С этими словами он ушел, хлопнув дверью. Стало темно. От сотрясения воздуха погасла свеча, но мне в моем отчаянии почудилось, будто Никита унес с собой весь свет моей жизни, весь свет вообще, – и я упала, где стояла.
Наверное, меня поразил обморок от потрясения, ведь я была с детства склонна к обморокам, а может быть, некий мгновенный летаргический сон – но он, безусловно, спас тогда мой рассудок. Спас рассудок – но погубил душу и осквернил тело, потому что очнулась я от боли, пронзившей все мое естество. Сознание вернулось ко мне мгновенно, и я поняла, что уже не одна, – я не одна, со мной какой-то мужчина, который грубо обладает мною: этим и вызвана боль моего первого познания плотской любви.

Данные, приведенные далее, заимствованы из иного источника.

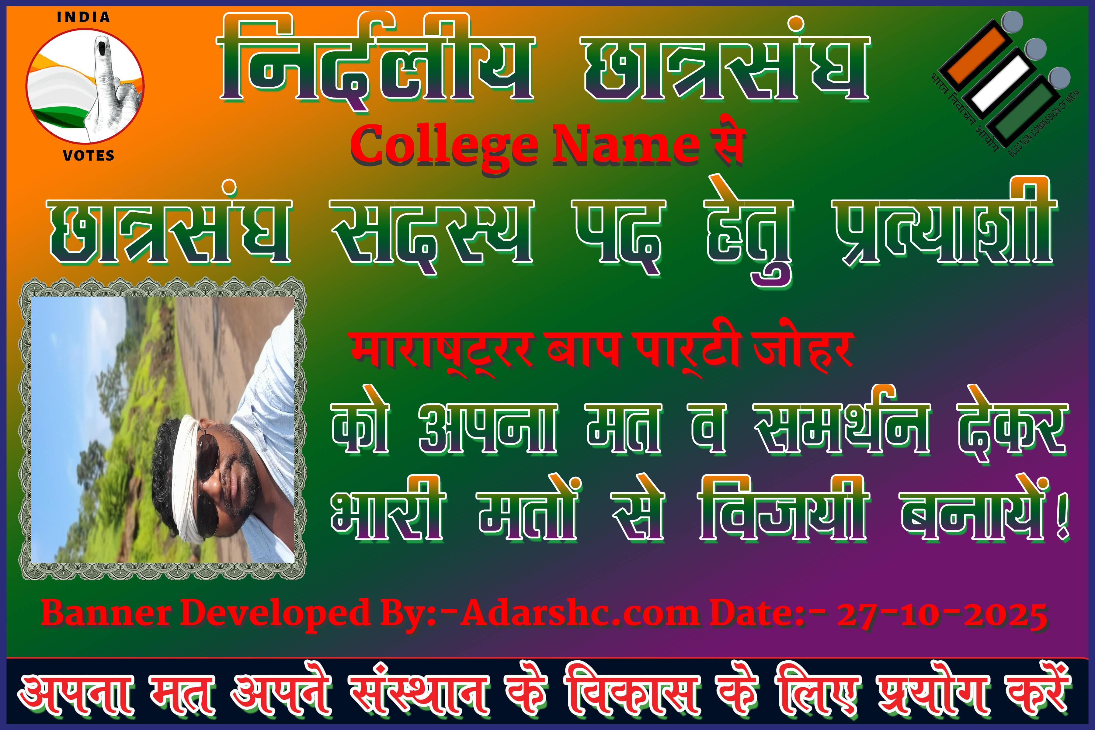 Note:- ईस बार के छात्र संघ चुनाव में कृप्या हमें जरुर Support करे, इसके लिये हम आपके प्रति आभार व्यक्त करते है |

Ну что я могла подумать? Конечно, что это вернулся Никита! Вернулся – и прельстился-таки мной!
– О мой милый, милый, милый! – закричала я в неистовом восторге и, не чувствуя больше никакой боли, отдалась ему, как сумасшедшая вакханка, со стонами, блаженными криками, мучительными признаниями и страстными поцелуями, от которых мои губы начали кровоточить.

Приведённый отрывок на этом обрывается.